**Task instructions:**
The result should be the full listing copied exactly, with no pictures in it.

==== Information supplied

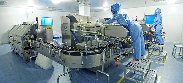 Workers in protective suits operate pharmaceutical production machinery in a bright, sterile laboratory setting.
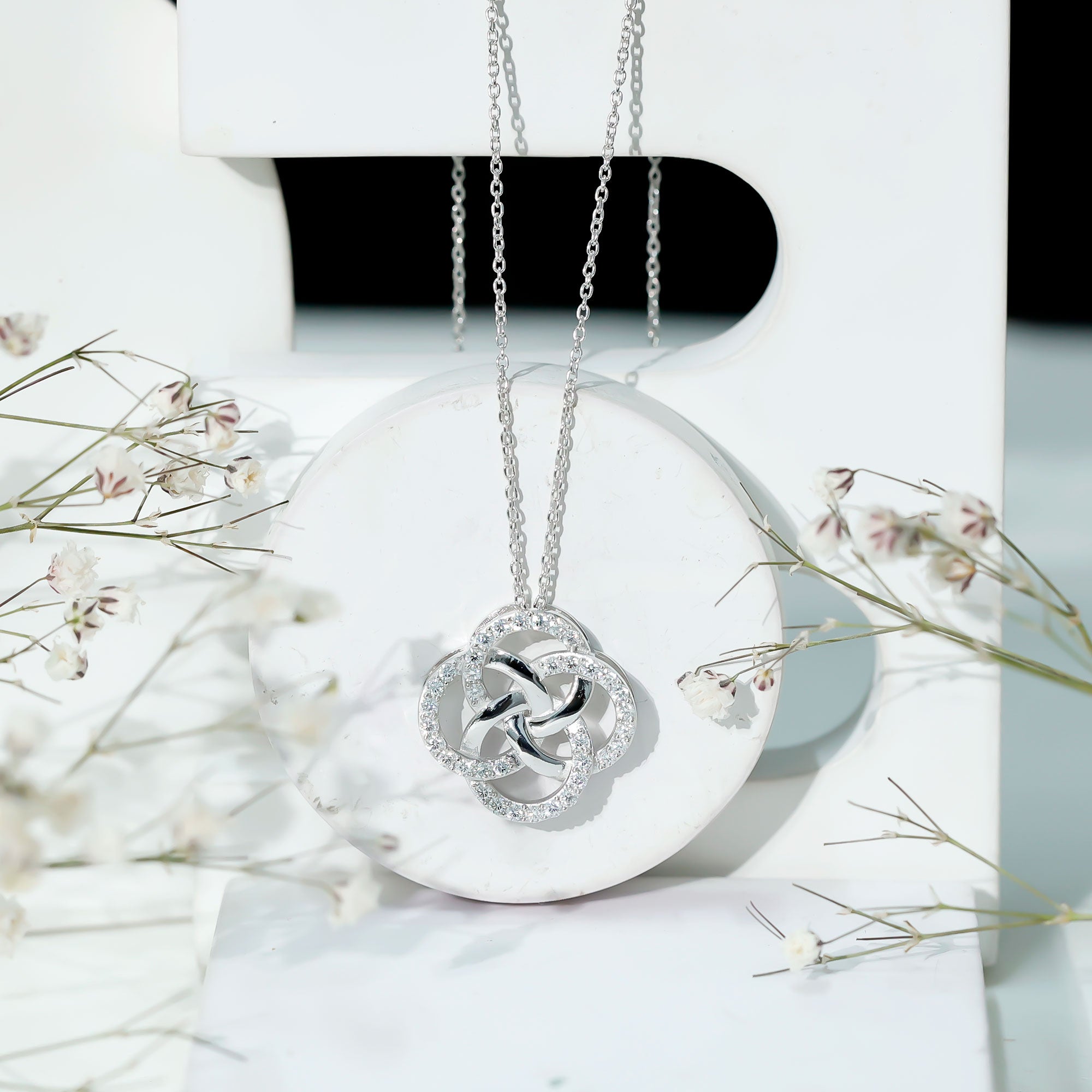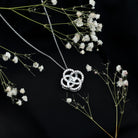 This Moissanite Pendant is precisely crafted with 14K White Gold Plated Silver. The pendant features open circles interlocked with each other, partially studded with smaller Moissanite of D-VS1 Quality securely placed in Pave Setting. The necklace is suspended from a cable chain which lets you adjust the length as per your comfort. Rosec Jewels Floral Pendant Necklace can be presented to your beloved as a symbol of love and promise. The Open Circle Pendant Necklace will be delivered to you in a premium packaging with the certificate of authenticity.
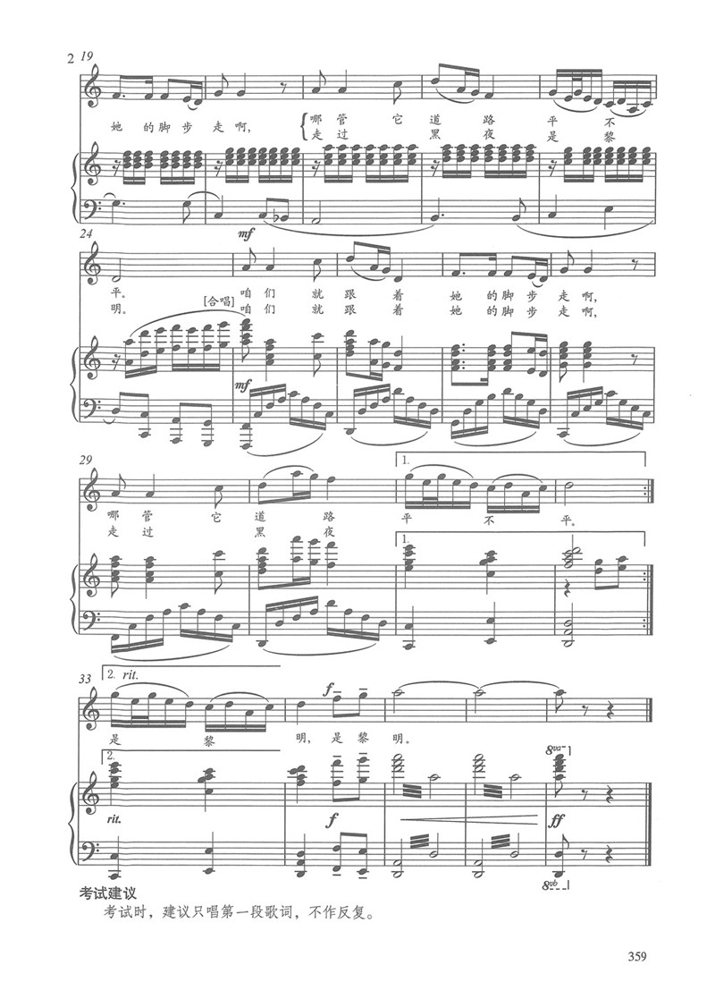 音乐统考声乐曲目

========

**Worked solution:**
 Workers in protective suits operate pharmaceutical production machinery in a bright, sterile laboratory setting.
 This Moissanite Pendant is precisely crafted with 14K White Gold Plated Silver. The pendant features open circles interlocked with each other, partially studded with smaller Moissanite of D-VS1 Quality securely placed in Pave Setting. The necklace is suspended from a cable chain which lets you adjust the length as per your comfort. Rosec Jewels Floral Pendant Necklace can be presented to your beloved as a symbol of love and promise. The Open Circle Pendant Necklace will be delivered to you in a premium packaging with the certificate of authenticity.
 音乐统考声乐曲目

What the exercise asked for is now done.